IP address blocking

[Warren Block]

We're looking at converting our existing forums, but have an extensive IP address blocking system using PF tables. Are there any existing methods to automate uploading lists of IP addresses and ranges non-interactively? Like with scp, for example?

 

[Mike]

There is nothing built-in that allows IP blocks to be managed non-interactively.

 

[Robust]

I might be misunderstanding what you're saying, but it sounds like this is something to be done server side.

 

[Walter]

Way better to block the IPs directly at the firewall than in the forum, this way it uses less ressources.

 

[TPerry]

Way better to block the IPs directly at the firewall than in the forum, this way it uses less ressources.

Depends on how extensive the IP list is. If it's fairly extensive it would probably benefit from using ipset instead of listing them in the iptables (if using a software firewall on the box - hardware firewall would be another matter).

 

[Warren Block]

Thanks for all the responses!

For our usage in a FreeBSD jail, firewall access will not be available. Another method that sounds like it will work is setting up our own private DNSBL. Given the amount of traffic, the overhead is not likely to be a problem. But something that requires less setup would be nice. Maybe a cron job could clear and reimport the IP address table in the database, if there is a plain table for that.

 

[WoodiE]

If your server uses Apache you could use htaccess to block IP's too.

 

[Warren Block]

We don't know yet whether the provided web server will be Apache, but that might be a reason to request it. Will check, thanks!

 

[Dan Hawkins]

You can get add-on's to prevent IP Address's (registering and accessing the form) I.E.
https://xenforo.com/community/resources/*******-block-registrations-from-same-ip.1384/
https://xenforo.com/community/resou...or-spam-bot-scrapers.3305/update?update=1059/

But I would advise doing this on the server rather than using extra queries/scripts to get XenForo to do it.

 

[Ridemonkey]

Way better to block the IPs directly at the firewall than in the forum, this way it uses less ressources.

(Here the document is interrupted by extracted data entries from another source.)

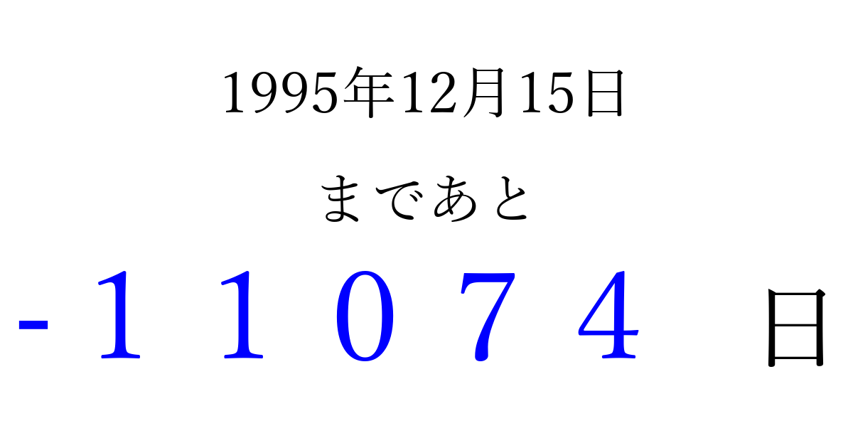 1995年12月15日(金)は もう 00000 日過ぎました 追加すると、トップページからすぐ選べるようになります ※2026/04/10現在の結果です。 最新の状態に更新する ↓シェアして、タイムライン上にカウントダウンを表示しよう!↓ 📤 この結果を共有する Tweet シェア Threads Bluesky 別の日付でカウントダウン 1995年12月のカレンダー このページをブックマークに追加すると、いつでもカウントダウンを確認できます。 (PC: Ctrl+D / Mac: ⌘+D) hitome-notes.comでは以下のページも運営しています。 指定日と期間から日付を計算 | ガチャ確率計算・シミュレーション | プライバシー・ポリシー 運営者:Avocado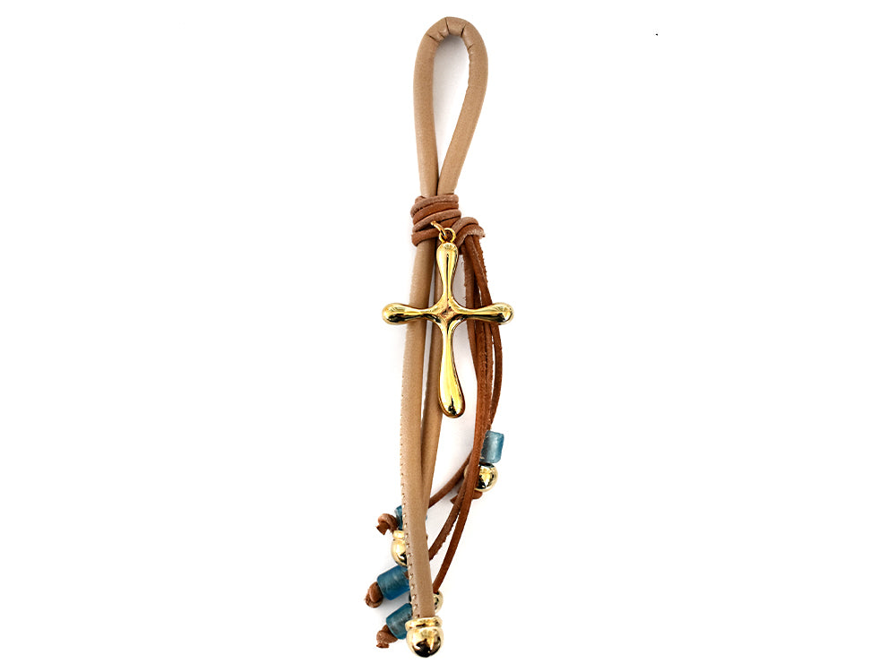 Μπομπονιέρα με δερμάτινο κορδόνι και σταυρό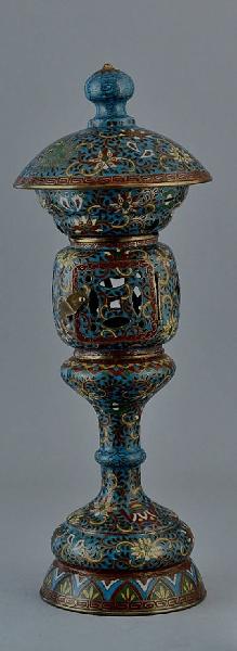 Lanterna in bronzo e smalti champlevé (azzurro, rosso, giallo, gialloscuro, bianco, verde) per altare decorata con motivo di fiori di loto e tralci fitomorfi.

Sure, in theory that's definitely true.

In practice, it needs to be weighed against the impact that the blocked IPs are having on the server. If they're being forwarded to a zero-query, lightweight page, that's often enough relief for the server that it's not worth the additional overhead of manually managing IP block lists.

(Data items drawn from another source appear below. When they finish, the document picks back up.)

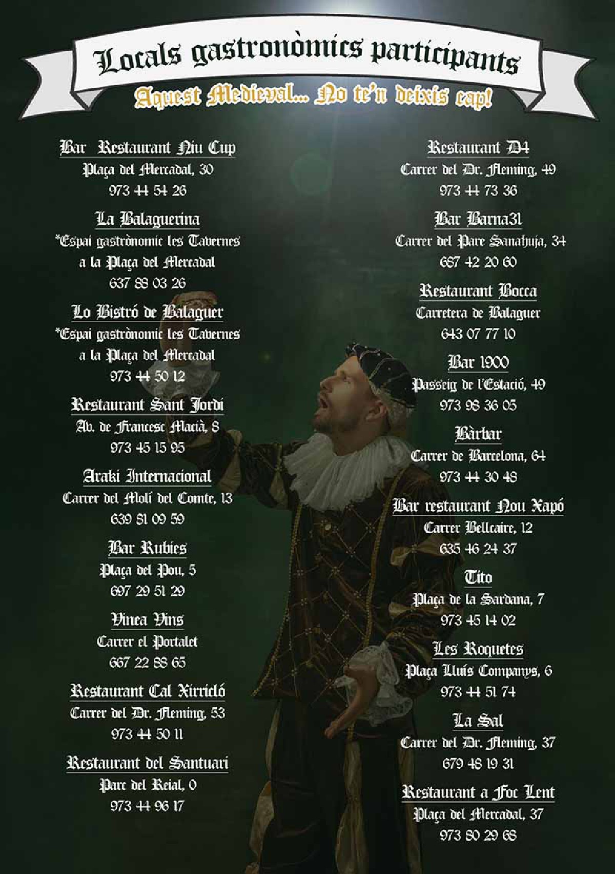 Una de les novetats d'enguany és l'activitat Tapegem... per Balaguer! Es tracta d'una iniciativa on hi participaran una vintena de bars i restaurants de la ciutat, que prepararan des d'avui dijous i fins diumenge una tapa o un plat d'origen medieval per tal d'assaborir aquest gust per tota la ciutat i convertir-la en una experiència gastronòmica arreu de la ciutat.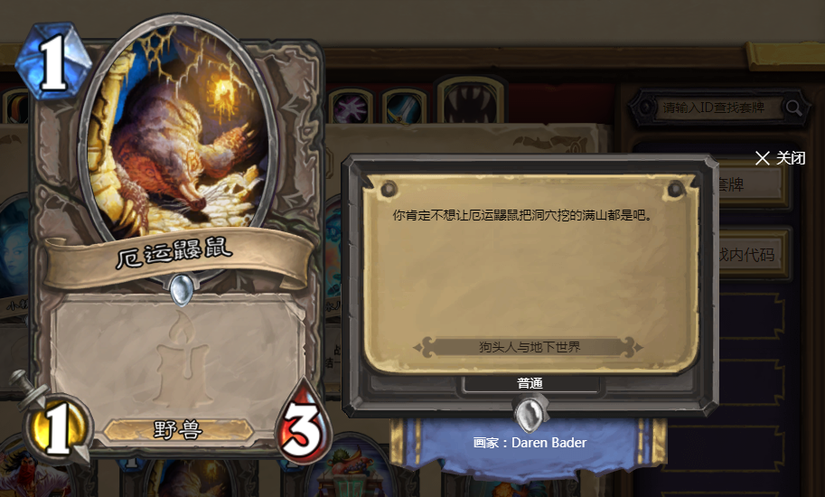 1费1/3带野兽属性,是当下猎人和曾经的奇数贼的最爱,可以搭配猎人的一些卡牌打出许多COMBO。所以,基本上早期的奇数贼都会将他纳入到牌库当中。也算得上是一张非常优质的1费随从了。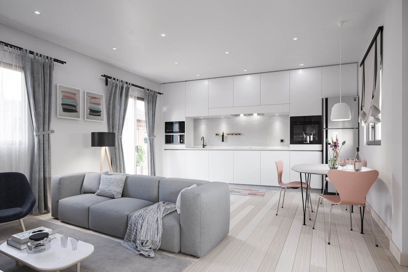 Render 3D de salón, comedor y cocina de un apartamento turístico realizado con infografía 3D para la comercialización de una promoción inmobiliaria. Este tipo de recreaciones virtuales para venta inmobiliaria sirven para representar los espacios más importantes de una vivienda y sirven para comprender con gran detalle las características del inmbueble a comercializar. Renders de interiores 3D con gran calidad, detalle y realismo con la mejor relación calidad y precio del mercado. Nuestra metodología de trabajo contrastada durante 20 años de experiencia nos permite trabajar desde la distancia, sea donde sea, para clientes de toda España con todas las garantías. Si está interesado, no lo dude, contacte con nosotros y compruebe nuestros resultados.

Two add-ons, FoolBotHoneyPot and DeDos (both by the same author) are currently managing this for us - the former for bots attempting to register, and the latter for content scrapers - and the advantage is that it exposes the management of the modules right into the XF interface, meaning it can be managed easily at the front end by myself or anyone I grant access to. I could manage it in IP tables but not as conveniently.

Of course, if the IP ranges you're trying to block are causing massive problems, or if your server is constantly running low on resources, there are absolutely advantages to cutting it off in the firewall. Just mentioning that there are trade-offs.

 

[Robust]

Depends on how extensive the IP list is. If it's fairly extensive it would probably benefit from using ipset instead of listing them in the iptables (if using a software firewall on the box - hardware firewall would be another matter).

Or at the software end. I do this on nginx quite easily and in an organised manner.

include inc/ipblock;

ipblock:
include blocks/country1
include ....

Relatively easy, it's completely tidy too.